Ischemic stroke is the leading cause of disability and death worldwide. Currently, the only proven treatment for ischemic stroke is restoring the cerebral blood supply. In addition, some of the tissue is damaged during the subsequent reperfusion because of the overproduction of reactive oxygen species (ROS). Furthermore, antioxidant therapies have shown promise in preclinical studies for the treatment of ischemia-reperfusion injury. However, their therapeutic efficacy has been limited because of their low bioavailability in brain. To resolve this issue, we synthesized ROS-responsive, fan-shaped dendrimer nanoparticles (NPs) and conjugated them with a blood-brain barrier (BBB)-targeting peptide, COG1410, and salvianic acid A (SA), which is an effective antioxidant in ischemic stroke. The BBB targeting peptide acts as a ligand of the nanocarrier system and penetrates the BBB through the endocytosis of the ligand receptor. The results showed that T-SA-NPs not only target and accumulate in the infarct area, they also reduce over 2 times of the infarct area and reverse the behavioral deficits in MCAO mice, which illustrates that these NPs have an effective therapeutic effect on the ischemic stroke. In addition, these NPs had no toxicity in any organs of the body. Importantly, the present study provides an alternative strategy for delivering antioxidants to the brain and achieving targeted therapy of ischemic stroke.

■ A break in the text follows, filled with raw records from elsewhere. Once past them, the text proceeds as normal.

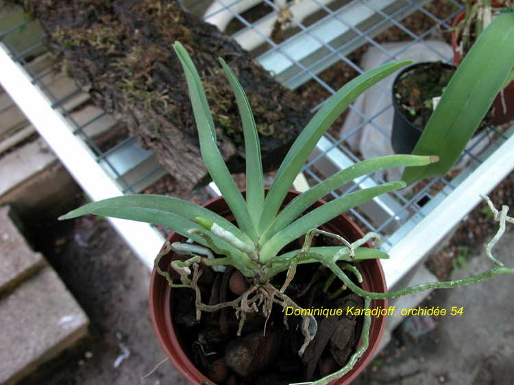 Found in southern and western coastal Madagascar in sandy dry woods at an elevation of sealevel to 820 meters as a small to just medium sized, hot to warm growing, monopodial epiphyte with a robust stem carrying leathery, stiff, sickle to falcate shaped, unequally bilobed apically leaves that blooms in the late spring through fall on a lax, axillary, 6 to 8" [15 to 20 cm] long, 8 to 10 flowered inflorescence with deltiod bracts.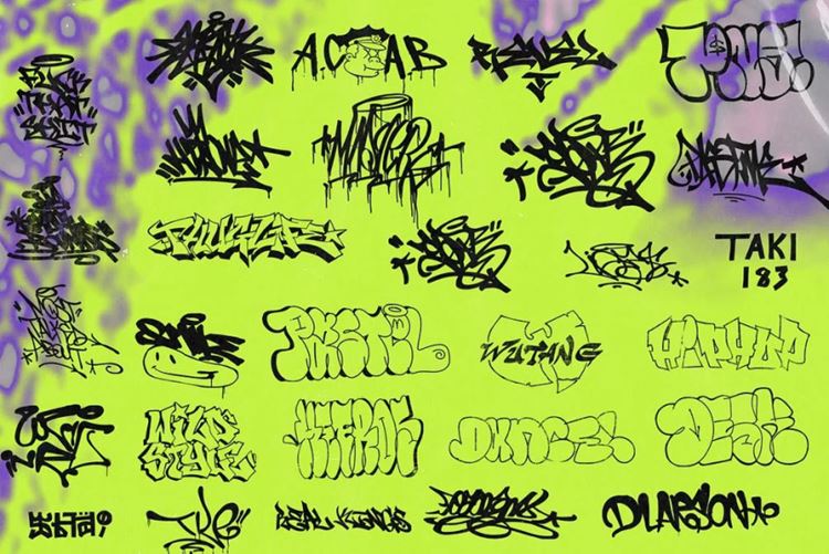 图穷联素材库 » 50个潮流手绘涂鸦标签轰炸符号素材合辑 50 Graffit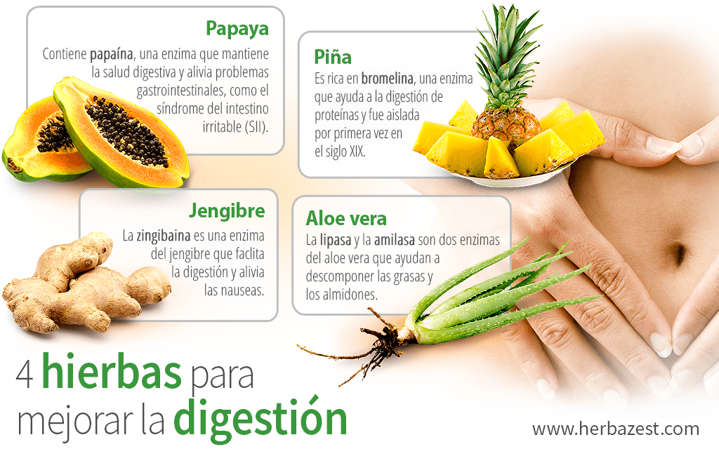 Existe amplia documentación sobre los efectos beneficiosos de esta hierba sobre el sistema digestivo, aunque las investigaciones son menos concluyentes comparadas con las realizadas sobre la papaya. Las gruesas hojas de la planta de aloe vera contienen dos enzimas, lipasa y amilasa, que ayudan a descomponer las grasas y los almidones2.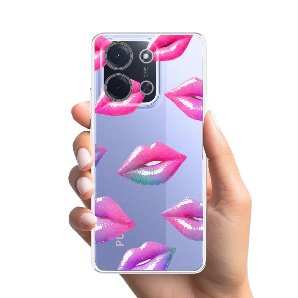 Etui do Xiaomi POCO C85 przeźroczyste, silikonowe Flexi, hologramowe usta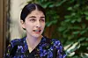 Klimatminister Romina Pourmokhtari (L) vid regeringens sommarfika på Rosenbads innergård på torsdagen.

缺血性中风是世界范围内致残和死亡的主要原因。当前，对缺血性中风唯一有效的疗法是恢复脑血供。另外，由于活性氧（ROS）的过量产生，在随后的再灌注期间一些组织受到损害。此外，抗氧化剂疗法在临床前研究中显示出了治疗缺血再灌注损伤的前景。然而，由于它们在脑中的生物利用度低，它们的治疗功效受到限制。为解决此问题，我们合成了ROS反应性，扇形的树枝状大分子纳米颗粒（NPs），并将其与靶向血脑屏障（BBB）的肽COG1410和丹酚酸A（SA）偶联，后者是有效的抗氧化剂在缺血性中风。BBB靶向肽充当纳米载体系统的配体，并通过配体受体的内吞作用穿透BBB。结果表明，T-SA-NPs不仅靶向并聚集在梗塞区域，而且还减少了梗塞区域的2倍以上，并且逆转了MCAO小鼠的行为缺陷，这说明这些NPs对MCAO小鼠具有有效的治疗作用。缺血性中风。另外，这些NP对身体的任何器官都没有毒性。重要的是，本研究提供了将抗氧化剂输送到大脑并实现缺血性卒中靶向治疗的替代策略。它们还减少了梗塞面积的2倍以上，并逆转了MCAO小鼠的行为缺陷，这说明这些NP对缺血性中风具有有效的治疗作用。另外，这些NP对身体的任何器官都没有毒性。重要的是，本研究提供了将抗氧化剂输送至大脑并实现缺血性中风的靶向治疗的替代策略。它们还减少了梗塞面积的2倍以上，并逆转了MCAO小鼠的行为缺陷，这说明这些NP对缺血性中风具有有效的治疗作用。另外，这些NP对身体的任何器官都没有毒性。重要的是，本研究提供了将抗氧化剂输送到大脑并实现缺血性卒中靶向治疗的替代策略。